Kenangan dan Kemenangan

Ketika hujan sedang turun membasahi bumi, ingatanku berlarian ke arah kenangan yang telah kita jalani bersama. Aku masih ingat bagaimana kamu mengusap hidung kamu dengan jari-jari lentikmu, aku masih ingat bagaimana tatapan matamu mengarah tepat ke dalam mataku sehingga terekam jelas di dalam memori ingatanku. Hujan tampaknya selalu berhasil menunjukkan kenangan-kenangan semua manusia, atau mungkin hanya aku saja, entahlah. Sebab, setiap kali hujan banyak sekali  manusia-manusia yang dilanda kenangan yang begitu luar biasa, terutama diriku ini, yang sedang mengenangmu dengan dalam.

Kenangan menghidupkan manusia atau manusia yang menghidupkan kenangan?

Bertahun-tahun aku hidup di dunia ini, beribu langkah telah aku ayunkan, berbagai macam manusia telah aku temui, kenangan selalu hadir menjelma dengan berbagai bentuk rupa. Di setiap pertemuan dan kesempatan, kenangan selalu datang menghampiri untuk sekadar bertegur sapa kepada manusia yang telah menjejakkan kakinya di bumi ini. Entahlah, mungkin ini hanya imajinasiku saja. Barangkali saat Tuhan sedang menciptakan manusia dengan akal dan ruh yang ditaruh di atas langit sana, Tuhan juga menyelipkan kenangan kepada manusia yang hendak ditiupkan ruhnya untuk berada di muka bumi ini. Sehingga saat kita telah keluar dari perut ibu kita, kita langsung merekam kenangan bagaimana tangis haru orang tua kita saat melahirkan kita. Bagaimana kita berusaha untuk berjalan di atas kaki kita sendiri dengan dibantu oleh orang tua kita. Tentu saja, kita sangat sulit merekam kenangan tersebut sebab saat masih kecil daya kenangan kita belum terlalu besar. Kita dapat mengenang momen tersebut melalui perantara seorang bayi saat kita sudah berumur dewasa.

Apa mungkin kenangan yang menghidupkan manusia?

Hujan masih terus membasahi bumi. Sedang aku disini sedari tadi dihujam dengan berbagai kenangan yang telah aku lewati. Aku tak bisa menangkis begitu saja hadirnya kenangan, terlebih di saat hujan. Seringkali aku beranggapan, bahwa adanya kenangan justru semakin membuat langkah kita akan semakin perlahan untuk berjalan kedepan. Berdiam diri begitu saja dengan asyiknya, sehingga lupa bahwa ada tantangan yang harus dihadapi di depan. Asyik dengan kenangannya tanpa melihat kemenangannya. 

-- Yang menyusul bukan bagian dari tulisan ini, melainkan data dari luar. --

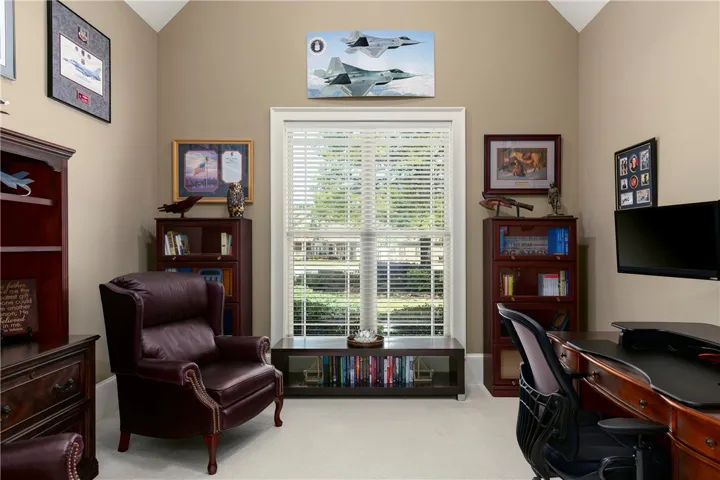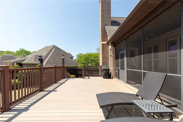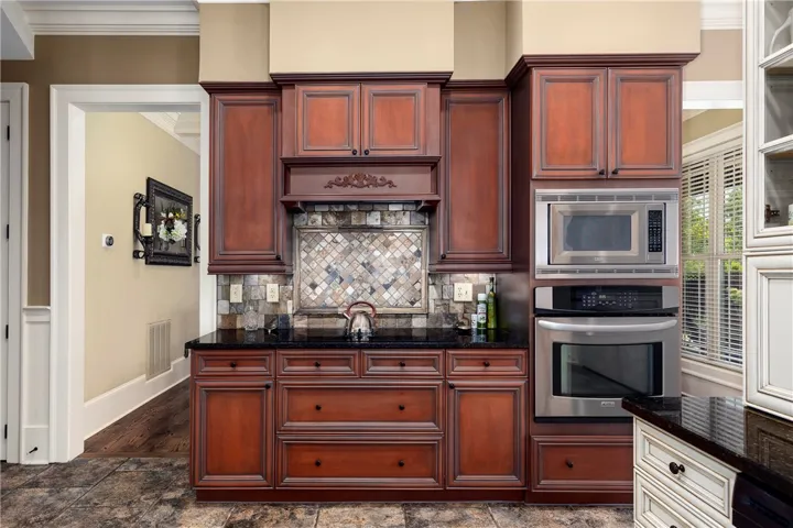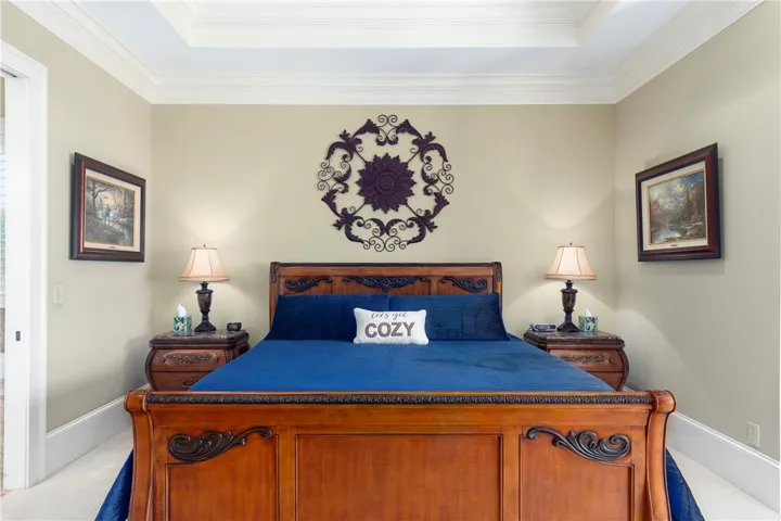 This beautiful custom built home by Bobby Cannon in Asheton Lakes has a wonderful layout that flows nicely for indoor/outdoor entertainment. It is nestled on .43 of an acre with stunning landscaping all around the home along with water features that are calming to listen to while spending time outside. The home boasts of 11 foot ceilings that are coffered, tray and vaulted designs throughout the formal dining room, living room, eat-in kitchen and two bedrooms on the main level. It has a mudroom and laundry room that are directly off of the entrance of the oversized two bay garage and a second laundry room upstairs for the three bedrooms that lead into one of the three walk-in attics. The private backyard has a privacy fence with a gate that opens right up to the green space that surrounds the beautiful and inviting neighborhood pool that makes for an easy transition to go to and from the home and pool.
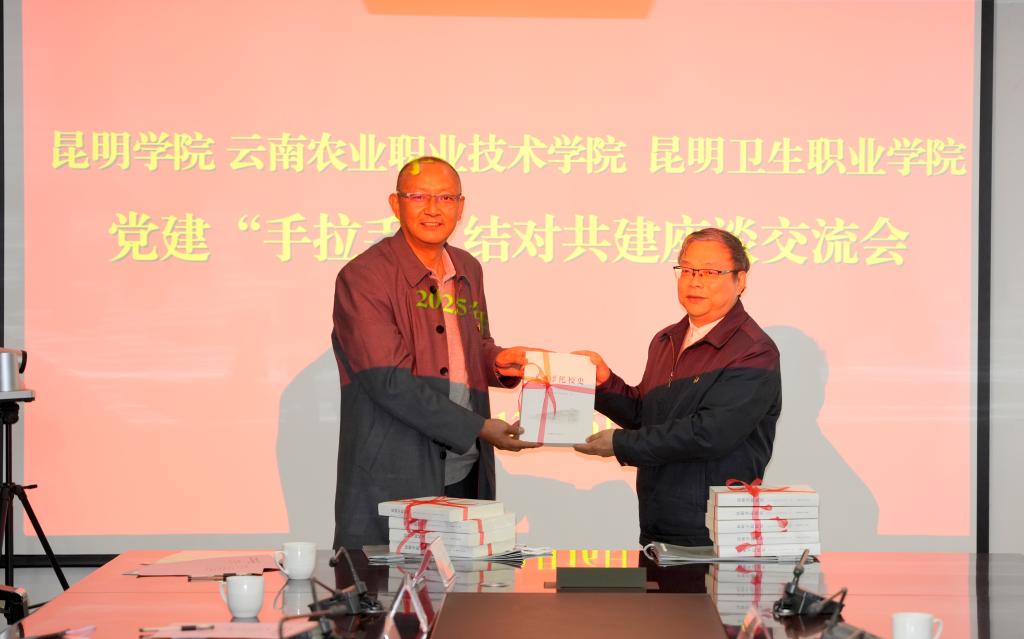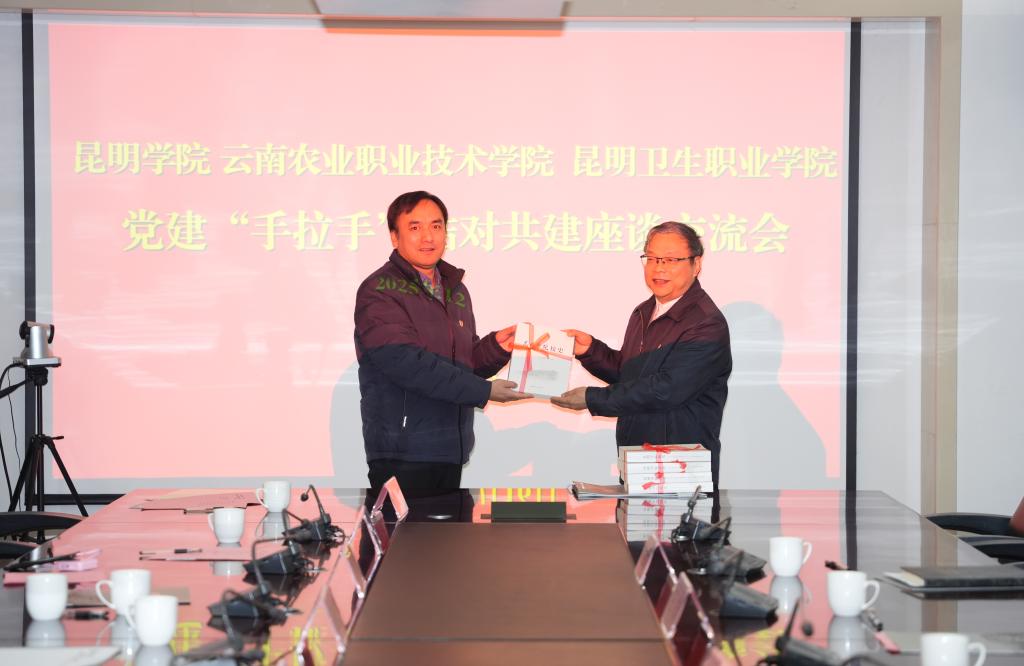 党委副书记王文成代表学校向云南农业职业技术学院、昆明卫生职业学院赠送了《昆明学院校史》
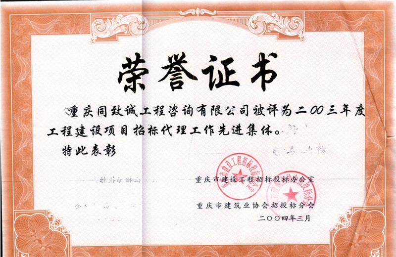 2003年度工程建設(shè)項(xiàng)目招標(biāo)代理工作先進(jìn)集體
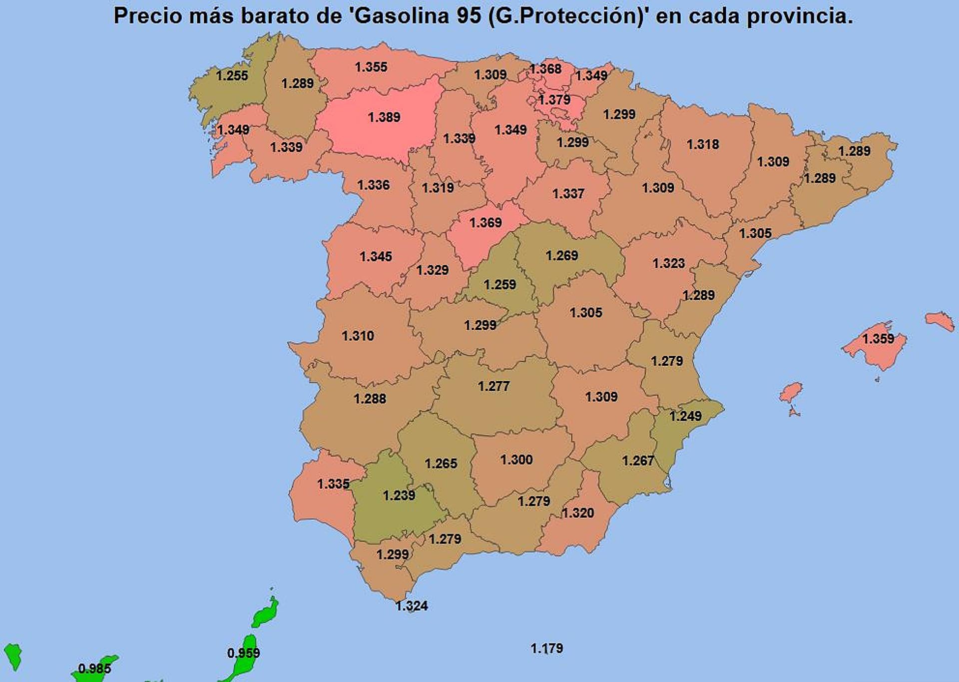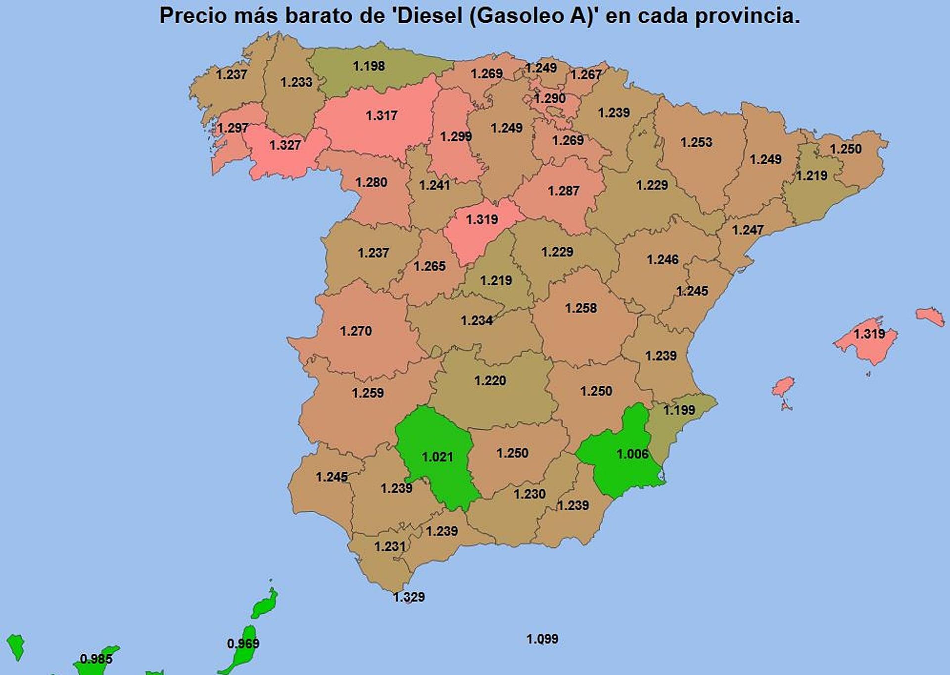 Excluyendo las islas Canarias (en Tenerife se paga a 0,985€ y en Las Palmas a 0,969€), Murcia es la provincia más barata a principios de diciembre, a 1,006 €/litro, mientras que en Córdoba se mantiene en 1,021€. En Asturias está a 1,198€, en Alicante a 1,199€ y en Madrid y Barcelona a 1,219€. En Melilla, en un ámbito más reducido, está a 1,099€.

Ah aku baru saja menemukan sesuatu yang baru. 

Barangkali saat hujan tak melulu soal kenangan, melainkan soal kemenangan. Manusia terlalu sibuk dengan apa yang telah ia jalani, sampai ia lupa dengan apa yang harus ia jalani. Kemenangan tentu menjadi sebuah kata yang paling menarik untuk manusia yang sedang berjuang demi sesuatu yang ia inginkan. Memberikan usaha terbaiknya, berdoa kepada Tuhan, lalu berharap kata kemenangan tersebut akan muncul di hadapannya. Setiap kita tentu mempunyai target-target tersendiri untuk meraih kemenangan tersebut. Seperti misalnya, saat ini aku sedang mengalami masa-masa akhir mahasiswa, tentu kemenangan yang aku inginkan adalah sebuah prosesi wisuda. Proses yang dilalui tentu harus menyelesaikan skripsi serta melakukan sidang. Kemenangan terkadang lebih indah untuk dijalani ketimbang kenangan itu sendiri. Di saat hujan, cobalah sesekali mengatur kemenanganmu sendiri agar tak melulu terpendam dalam sebuah kenangan.

Jadi, manusia yang menghidupkan kenangan?

Rintik hujan masih senantiasa membasahi bumi. Di jalanan, orang-orang sedang lalu lalang untuk sekadar membeli makanan atau minuman untuk mengisi perut mereka. Ada juga yang menyediakan jasa ojek payung untuk kebutuhan perut mereka. Sedang aku, di pojok kedai kopi ini sedang berusaha menyusun aksara yang sedari tadi berkeliaran di luar sana kala hujan. Aku ingin mengabadikan apa saja yang telah terekam dalam ingatan. Pikiran ini tak henti-hentinya menangkap segala kenangan yang hadir di masa lalu. Sedang mata ini menuju kepada arah yang mengaburkan pandangan, namun berusaha untuk fokus kepada langkah kemenangan.

Sebab, hidup tak selalu tentang kenangan yang harus diingat, melainkan ada sebuah kemenangan yang harus jadi pengingat.